The issue is essentially a simple one: in Russia the use of programmes or products, any forms of communication, which do not have a “back door” the FSB can use in investigative operational activity, (bugging and interception) is banned. The main tool by which pressure can be brought to bear on companies has long been and remains, the system of licensing and certification created first by FAPSI and then by the FSB.
You want to sell mobile phone services? Get a license: it obliges you to establish a “SORM complex” (system for operational investigative activities) – the FSB’s legal intercept system. You produce and trade in cryptographic defense? You too need a license – which not only obliges you to create a “first department” (consisted of FSB security people) in your company, every single product you produce must also be certified by the FSB, and for that to happen, you need to share your codes and technology with them.
This approach worked so long as the secret services were dealing with a communications market dominated by entities that had developed out of the Soviet system of communications holdings, which traditionally placed a high priority on the secret services’ interests.
Foreign producers, who saw the Russian market as important, also opted for cooperation: Microsoft in 2003 is a case in point. It shared its source code for its products with Russia’s secret services in exchange for access to the lucrative state procurement market.
Any company that was not willing to share its code would be threatened with having its access to the market barred: this is how the FSB dealt with Blackberry in 2005-7, demanding they allow access for investigative and operational activity (in the end MTS, which took charge of selling the smartphones, reached an agreement with the FSB)
The problem with gmail, skype and hotmail lies in the fact that these are free systems, there are no actual product sales, and it is far from clear how to force their owners – Google, eBay and Microsoft respectively – to share their technology with the FSB. Google’s statement to the effect that they are willing to cooperate with, and to consider any requests made by the Russian secret services, are irrelevant here. The FSB definitely does not want to send out requests, they need permanent, remote, access to the system.

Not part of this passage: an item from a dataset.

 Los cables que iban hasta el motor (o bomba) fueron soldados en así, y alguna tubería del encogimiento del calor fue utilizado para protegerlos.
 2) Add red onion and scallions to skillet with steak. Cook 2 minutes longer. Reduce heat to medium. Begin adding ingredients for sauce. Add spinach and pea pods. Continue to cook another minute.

This is what Alexandr Andreechkin had in mind. Of course, he wasn’t just telling a government commission the first thing that came into his head: he was expressing the secret services’ view on the matter. His section, the FSB Scientific and Technical Service, is responsible not only for purchasing computers for the Lubyanka, but for the scientific and technical policy of the federal security service as a whole. Dmitry Peskov has long been interested in Internet regulation in Russia, and shares a similar approach to the secret services, and hence it was only natural he would support them.

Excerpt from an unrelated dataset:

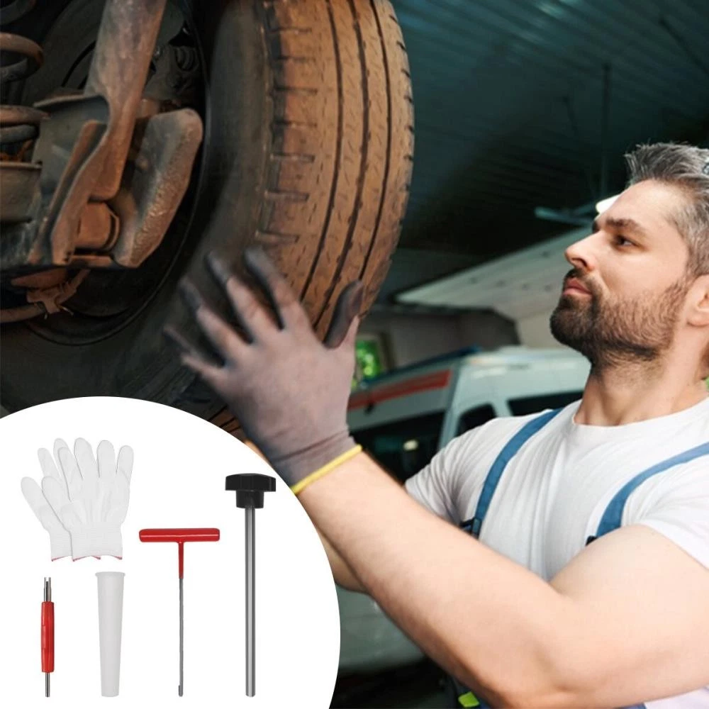 Tire Valve Stem Core Replacement Tool Kit TR413 Valve Core Remover Installer US Product included: Valve Puller * 1PC Double head valve core disassembly tool * 1PC Hook tool * 1PC Upper mouth assistance tool * 1PC Gloves * 1pcs TR413*4PCS TR414*4PCS Valve core * 8PCS Four in one tool * 1PC Feature : 1. Quick valve change tool kit,Ideal for leaking valve stems,Change Valve Stem without removing the tire,Solid Steel construction with industrial grade nylon handles.Be proficient enough to replace a tire valve in 15 seconds 2. The T-shaped hook can quickly pull out the damaged valve core. The tapered positioning tube provides guidance and positioning when installing a new valve core. The metal push rod can accurately push the new valve core into the rim valve hole.Our engineers have improved and tested product structure and product materials many times, hoping to serve you 3. Our tool is suitable for cars,small trailers, light trucks, lawn mowers, wheelbarrows,ATVs and motorcycles. 4. Steps for usage:1.Deflate the tire; 2. Insert the T-shaped hook into the gap between the wheel hub and the valve core, rotate the hook to pull out the valve core; 3. Install the new valve core to the push rod; 5. Taper positioning The tube is aligned with the valve hole, and the push rod installs the valve core through the tapered positioning tube; 5. Rotate the push rod to disengage the valve core. On Aug 18, 2025 at 09:52:09 PDT, seller added the following information:

In continuing to follow the course set in the mid 1990s, the “siloviki” failed to factor in one crucial element: that Dmitry Medvedev, assiduously working to improve his image in Washington, has absolutely no interest in announcing any initiatives that negatively impact Internet freedom. Perhaps, the FSB’s Scientific-Technical service should have borne in mind the importance Secretary of State Hillary Clinton places on advancing the cause of freedom on the world wide web.
In failing to do so, the “siloviki,” not for the first time, misjudged the situation: they and the Prime Minister ended up resembling alien creatures from a totalitarian past, while Dmitry Medvedev looked like a liberal and technologically advanced leader of a bright future.
In fact no one has any plans to alter the special services’ strategy, in their press statement, the FSB’s Public Communications Center gently referred to the current situation under Russian law, which in fact enshrines these “back doors” in communications services. The Russian market is sufficiently important for all three corporations, that the FSB can confidently expect to reach agreement with Google, eBay, and Microsoft – agreements that will allow them access to the encryption systems.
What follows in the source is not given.